■ EXERCISE GOAL ■
When you transcribe the listing, keep each line exact and drop the pictures.

■ EXERCISE DATA ■

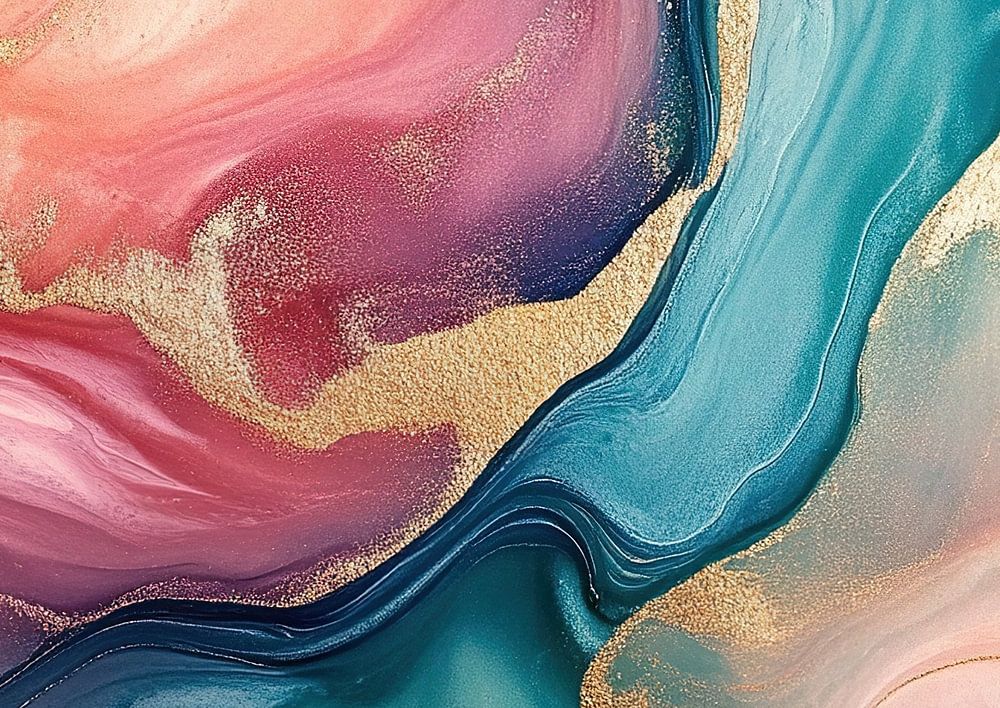Détails : abstrait, peinture, mouvement, rose, bleu, or, art, art moderne, dégradé, vagues
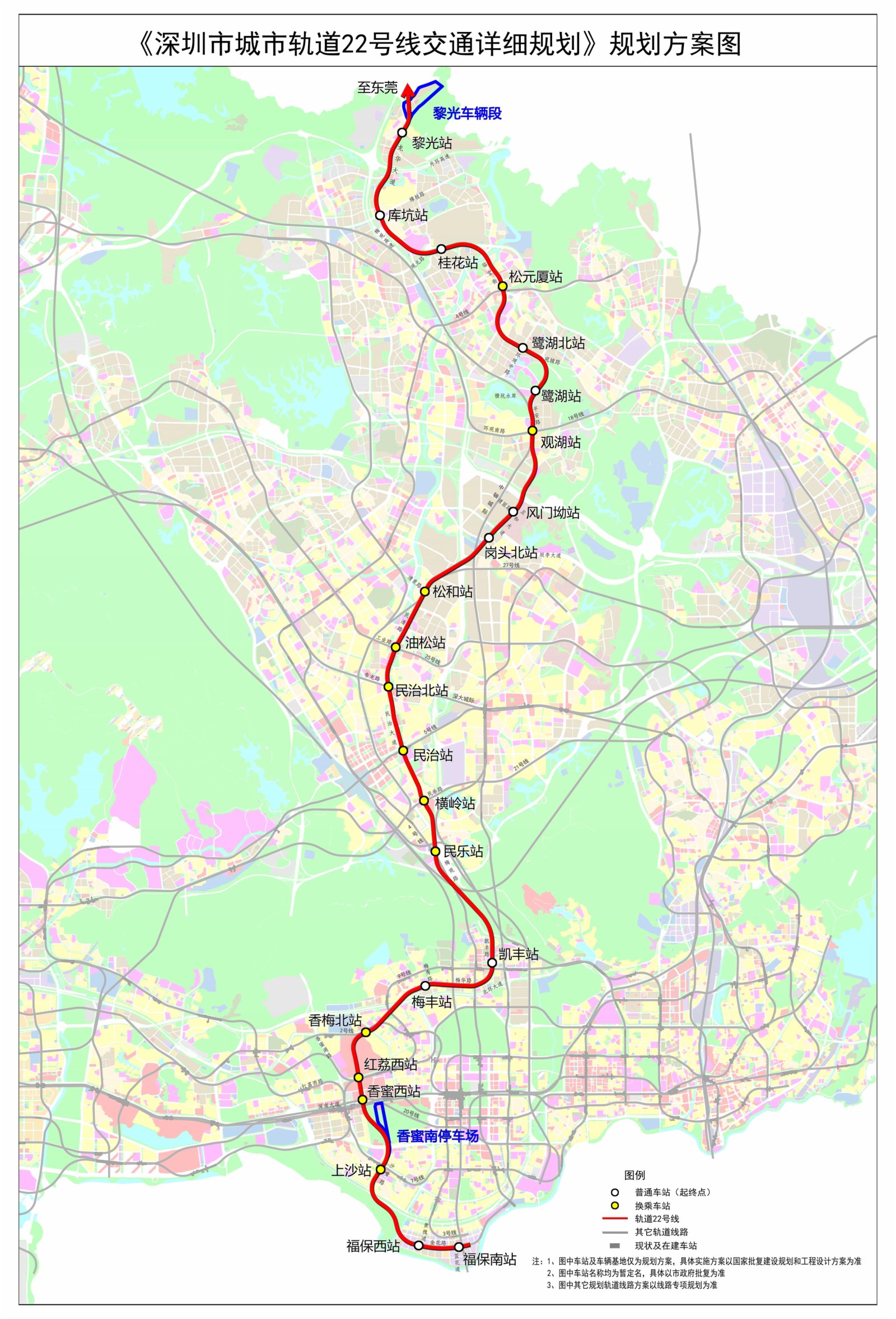 根據規劃方案,軌道22號線起於福保南站,終止於黎光站,沿線途經福田、龍華和龍崗3個行政區,聯繫福田保稅區、車公廟、香蜜湖、梅林、民治、阪雪崗、鷺湖和觀瀾等片區,並預留延伸至東莞的條件。規劃線路全長約38公里(深圳境內),採用全地下敷設方式,共設車站23座,其中換乘站12座,分別與軌道2號線、4號線、5號線、6號線、7號線、18號線、21號線、24號線、25號線、27號線以及深大城際、深廣中軸城際等線路換乘。
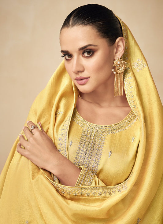 Salwar Suit Silk Yellow Embroidered Salwar

■ COMPLETED EXERCISE ■
Détails : abstrait, peinture, mouvement, rose, bleu, or, art, art moderne, dégradé, vagues
 根據規劃方案,軌道22號線起於福保南站,終止於黎光站,沿線途經福田、龍華和龍崗3個行政區,聯繫福田保稅區、車公廟、香蜜湖、梅林、民治、阪雪崗、鷺湖和觀瀾等片區,並預留延伸至東莞的條件。規劃線路全長約38公里(深圳境內),採用全地下敷設方式,共設車站23座,其中換乘站12座,分別與軌道2號線、4號線、5號線、6號線、7號線、18號線、21號線、24號線、25號線、27號線以及深大城際、深廣中軸城際等線路換乘。
 Salwar Suit Silk Yellow Embroidered Salwar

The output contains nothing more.